For the purposes of isolating corruption, the separation of two or  
more filesystems coming from the same ZFS storage pool does not help.  
An entire ZFS storage pool is the unit of I/O consistency, as all ZFS  
filesystems created within this single storage pool share the same  
physical storage.

When configuring a ZFS storage pool the [poor] decision of choosing a  
non-redundant (single or concatenation of disks) verses redundant  
(mirror, raidz, raidz2) storage pool, offers no means for ZFS to  
automatically recover for some forms of corruption.

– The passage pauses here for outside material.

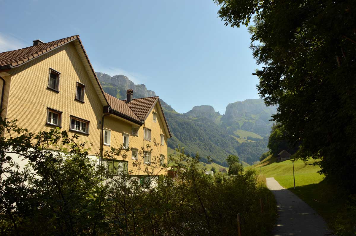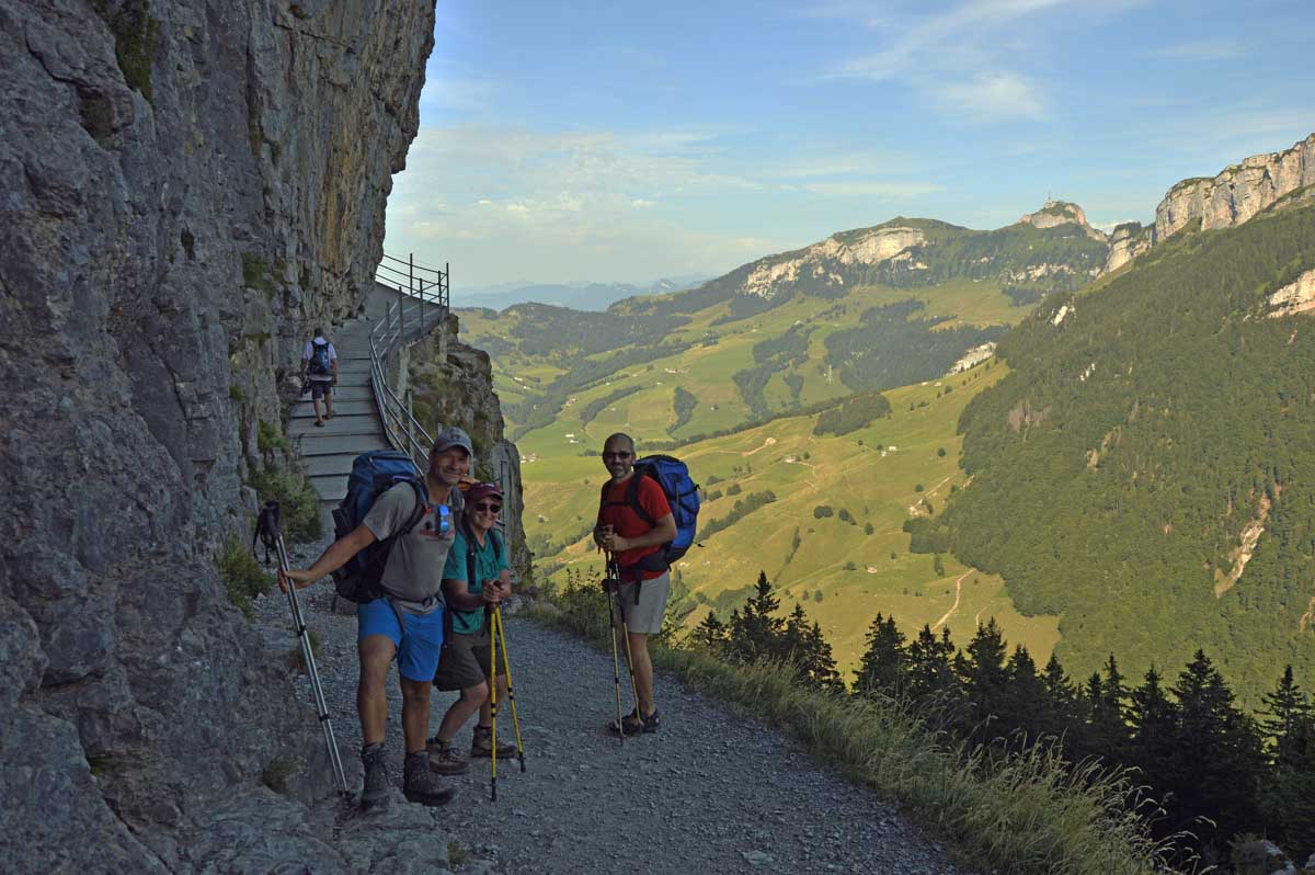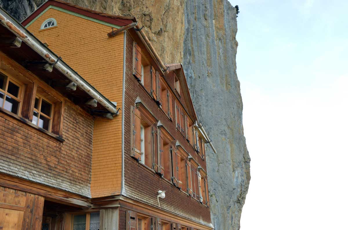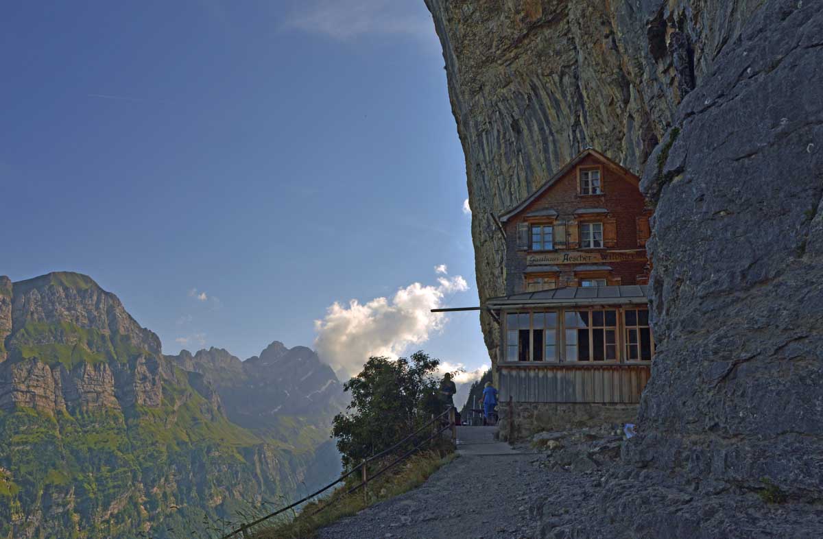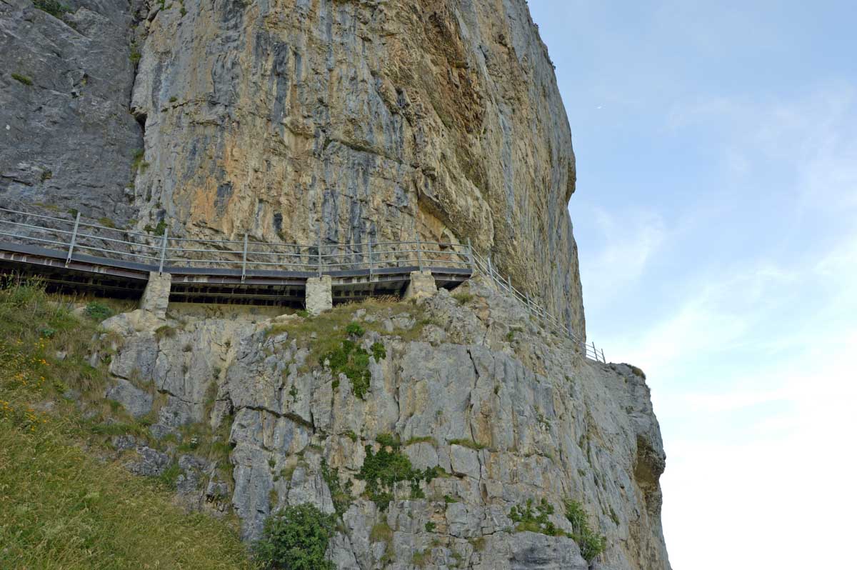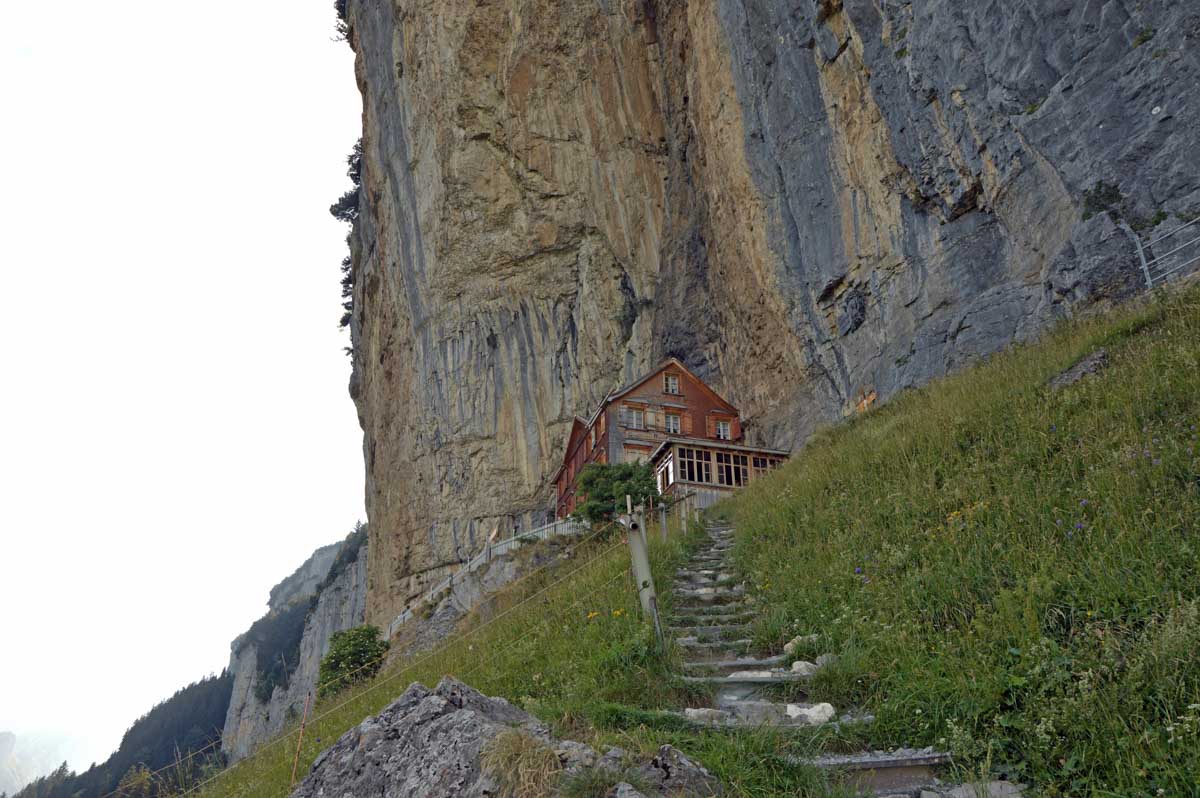 La Suisse, c’est tellement petit qu’ils ont plié le terrain pour faire davantage de surface, et ils te collent une auberge dans le creux de la falaise. La preuve, le Äscher. Etonnant et tellement encastré dans la roche qu’il ne doit pas souvent pleuvoir dessus. Et des poules s’y baladent, tranquilles, à surveiller ce qui pourrait tomber des sacs des randonneurs. Un pot et me voilà à hurler sur un chemin vertigineux… Non mais ça va pas, non : Allez courage ma grande, lance-toi, marche le long de la falaise et ignore le vide. Et voilà !
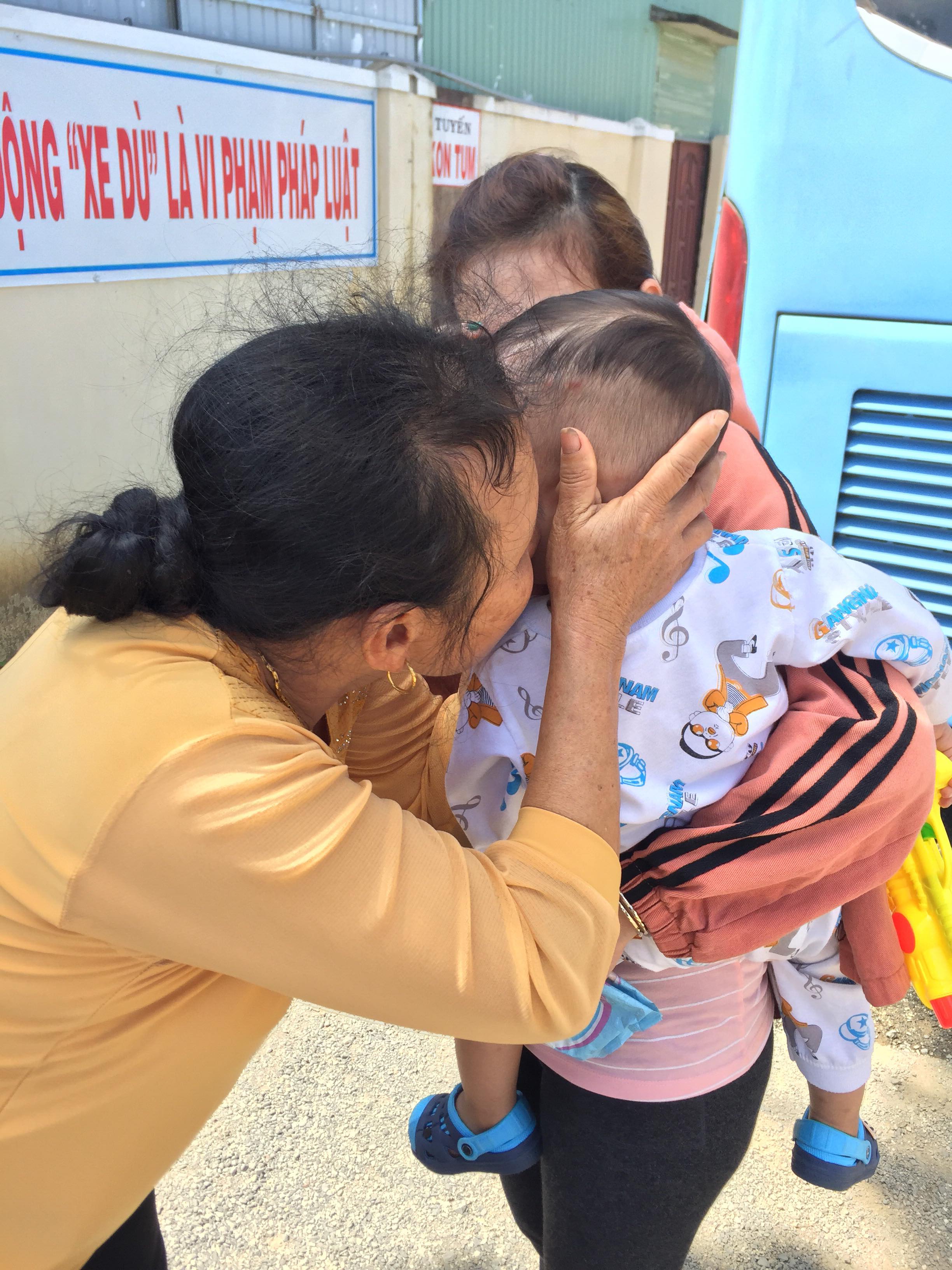 Bà ngoại ôm hôn cháu trước khi chia tay. Ảnh: NVCC.

Even when using a redundant storage pool, there are scenarios in  
which this is not good enough. This is when filesystem needs  
transitions into availability, such as when the loss or accessibility  
of two or more disks, causes mirroring or raidz to be ineffective.

As of Solaris Express build 68, Availability Suite [http:// 
www.opensolaris.org/os/project/avs/] is part of base Solaris,  
offering both local snapshots and remote mirrors, both of which work  
with ZFS.

Locally on a single Solaris host, snapshots of the entire ZFS storage  
pool can be taken at intervals of ones choosing, and with multiple  
snapshots of a single master, collections of snapshots, say at  
intervals of one hour, can be retained. Options allow for 100%  
independent snapshots (much like your UFS analogy above), dependent  
where only the Copy-On-Write data is retained, or compact dependent  
where the snapshots physical storage is some percentage of the master.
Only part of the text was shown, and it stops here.